THE TASK
From the line containing "Figurka vlka vybroušená" down to the line containing "Деликатная двойная покраска" in the records below, reproduce every line exactly, ends included, and omit all others.

##### PROVIDED RECORDS #####

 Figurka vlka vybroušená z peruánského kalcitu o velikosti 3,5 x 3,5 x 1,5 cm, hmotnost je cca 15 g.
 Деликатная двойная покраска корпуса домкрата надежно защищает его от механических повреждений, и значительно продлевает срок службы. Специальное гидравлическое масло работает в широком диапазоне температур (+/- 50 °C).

#####
##### PROVIDED RECORDS #####

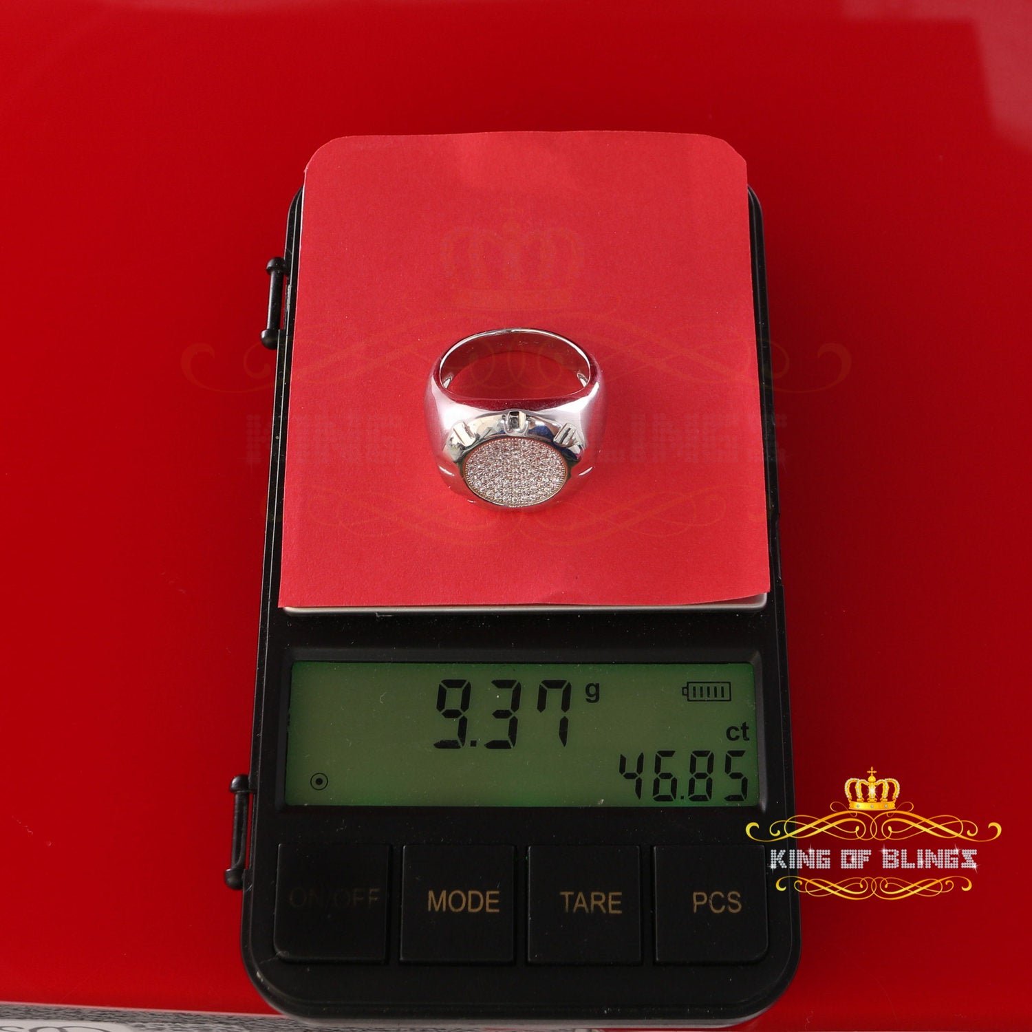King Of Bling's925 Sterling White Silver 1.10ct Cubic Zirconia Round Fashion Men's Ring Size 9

#####

RESULT
 Figurka vlka vybroušená z peruánského kalcitu o velikosti 3,5 x 3,5 x 1,5 cm, hmotnost je cca 15 g.
 Деликатная двойная покраска корпуса домкрата надежно защищает его от механических повреждений, и значительно продлевает срок службы. Специальное гидравлическое масло работает в широком диапазоне температур (+/- 50 °C).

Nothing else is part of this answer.